Tian Tian, Wang Cheng, Xu Yuan, Bai Yuzhi, Wang Jing, Long Zhou, Wang Xiangdong, Zhou Lichun
General Practice Department, Beijing Chao-Yang Hospital, Capital Medical University, Beijing, People's Republic of China.
Institute of Digital Economy Industry, ICT, Hangzhou, People's Republic of China.
Diabetes Metab Syndr Obes. 2021 Apr 23;14:1799-1808. doi: 10.2147/DMSO.S305102. eCollection 2021.
Previous studies have shown that the gait of patients with type-2 diabetes mellitus is abnormal compared with the healthy group. Currently, a three-dimensional motion analyzer system is commonly used for gait analysis. However, it is challenging to collect data and use in clinical study due to extensive experimental conditions and high price.

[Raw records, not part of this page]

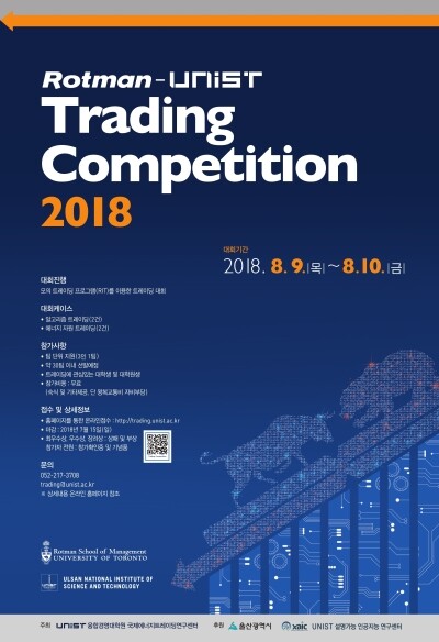 UNIST는 ‘로트만-UNIST 트레이딩 경진대회 2018’ 참가자 모집을 시작했다. 대회 접수는 7월 15일까지 홈페이지(http://trading.unist.ac.kr)를 통해 진행된다. 3명이 1개 팀을 이뤄 참가해야하며 참가비는 무료다. 대회 참가자 중 상위 3개 팀에는 소정의 상금이 제공된다.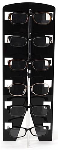 Our acrylic countertop eyewear shelving is a great way to showcase sunglasses and eyeglasses in your department store, gas station, pharmacy, or boutique. Each retail display holds up to 6 optical frames allowing you to exhibit various styles and designs. This collapsible acrylic countertop eyewear shelving has an easy no-tool, no hardware assembly for seamless out of box use. This retail display’s knockdown design is ideal for street vendors, pop-up shops, and check out counters to help capture those last-minute sales. This compact optical unit’s overall dimensions are 6.5″ W x 18″ H, allowing you to showcase this on several surfaces without taking away from your space’s overall aesthetic. This modern acrylic countertop eyewear shelving will make it easy for customers to browse the latest sunglasses and eyeglasses styles and direct the sale without overwhelming them with too many options at once.
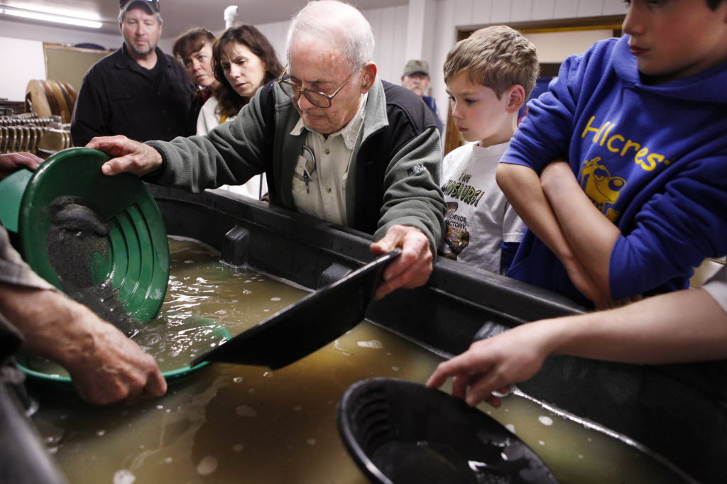 Bill Peabody shows novices how to separate gold from black sand suing water and a gold pan during the recent gold prospectors show in North Bend, Ore. Peabody has been prospecting as a hobby for 30 years. He started combing the ground for fossils in the Midwest. While he’s never struck it rich, the idea keeps him going. “Maybe if I roll one more rock it’ll be gold,” he said. (AP Photo/The World, Benjamin Brayfield)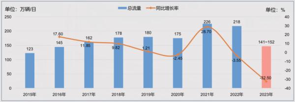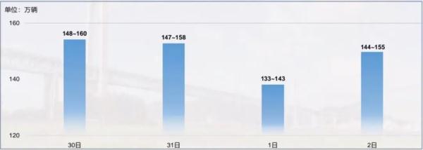 元旦期间,各日流量总体均衡,且处于稳定运行态势。流量最高日预计出现在假日前一天,即12月30日,但出口流量将会低于160万辆,约为148万~160万辆。与往年元旦相比,最高日流量下降45%左右。
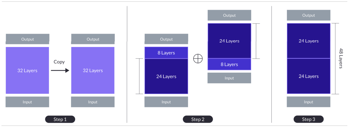 모델 up-scaling의 순진한 방법은 계층을 복사하여 단순히 쌓는 것이다. 32계층을 복사하여 64계층으로 만든다. 하지만 이러한 방법은 계층 거리가 멀기 때문에(1 ↔ 32) 모델의 능력을 방해할 수 있다.

In this study, we used a wearable gait analysis system (Gaitboter) to investigate the spatial and temporal parameters, and kinematic data of gait in diabetic patients, especially those with peripheral neuropathy. The aim of the study is to evaluate the wearable gait analysis system in diabetic study.

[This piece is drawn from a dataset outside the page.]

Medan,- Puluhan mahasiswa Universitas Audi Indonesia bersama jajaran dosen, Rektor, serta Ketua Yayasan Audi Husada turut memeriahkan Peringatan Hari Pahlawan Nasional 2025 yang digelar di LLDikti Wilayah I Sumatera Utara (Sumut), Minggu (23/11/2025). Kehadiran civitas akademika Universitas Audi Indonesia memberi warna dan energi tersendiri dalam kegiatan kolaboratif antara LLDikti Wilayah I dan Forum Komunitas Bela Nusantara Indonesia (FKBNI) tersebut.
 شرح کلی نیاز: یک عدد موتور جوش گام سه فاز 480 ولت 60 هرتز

We conducted a case-control study to analyze the gait of type 2 diabetes mellitus. Gaitboter was used to detect and collect gait data in the ward of Beijing Chao-yang Hospital, Capital Medical University from June 2018 to October 2018. We collected the gait data of participants (N= 146; 73 patients with type 2 diabetes, 16 with peripheral neuropathy and 57 without peripheral neuropathy, and 73 matched controls). The gait data (stance phase, swing phase, double-foot stance phase, single-foot stance phase, walking cadence, stride length, walking speed, off-ground angle, landing angle, maximum swing angle, minimum swing angle, and foot progression angle) in diabetic patients were recorded and compared with controls. SPSS 22.0 statistical software was used to analyzed the gait parameter data.

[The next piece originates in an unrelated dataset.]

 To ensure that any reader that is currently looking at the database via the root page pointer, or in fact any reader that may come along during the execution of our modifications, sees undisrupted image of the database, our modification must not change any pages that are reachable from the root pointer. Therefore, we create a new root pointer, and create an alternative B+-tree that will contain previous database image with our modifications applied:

We found that the landing angle and the maximum swing angle of diabetes patients with or without peripheral neuropathy were significantly less than those of the control group (P < 0.05). The walking speed of diabetes patients with peripheral neuropathy is significantly less than those of the control group (P < 0.05).
This study confirms that the wearable gait analysis system (Gaitboter) is an ideal system to identify abnormal gait in patients with type 2 diabetes and provides a new device and method for diabetes-related gait research.
以往研究表明,2型糖尿病患者的步态与健康组相比存在异常。目前,三维运动分析系统常用于步态分析。然而,由于实验条件繁杂且价格高昂,在临床研究中收集数据并使用该系统具有挑战性。在本研究中,我们使用了一种可穿戴步态分析系统(Gaitboter)来研究糖尿病患者,尤其是伴有周围神经病变患者的步态时空参数和运动学数据。本研究的目的是评估该可穿戴步态分析系统在糖尿病研究中的应用。
我们进行了一项病例对照研究,以分析2型糖尿病患者的步态。2018年6月至2018年10月期间,在北京朝阳医院病房使用Gaitboter检测并收集步态数据。我们收集了参与者(N = 146;73例2型糖尿病患者,其中16例伴有周围神经病变,57例不伴有周围神经病变,以及73例匹配的对照)的步态数据。记录糖尿病患者的步态数据(支撑期、摆动期、双足支撑期、单足支撑期、步行节奏、步长、步行速度、离地角度、着地角度、最大摆动角度、最小摆动角度和足前进角度)并与对照组进行比较。使用SPSS 22.0统计软件分析步态参数数据。
我们发现,伴有或不伴有周围神经病变的糖尿病患者的着地角度和最大摆动角度均显著小于对照组(P < 0.05)。伴有周围神经病变的糖尿病患者的步行速度显著低于对照组(P < 0.05)。
本研究证实,可穿戴步态分析系统(Gaitboter)是识别2型糖尿病患者异常步态的理想系统,并为糖尿病相关步态研究提供了一种新的设备和方法。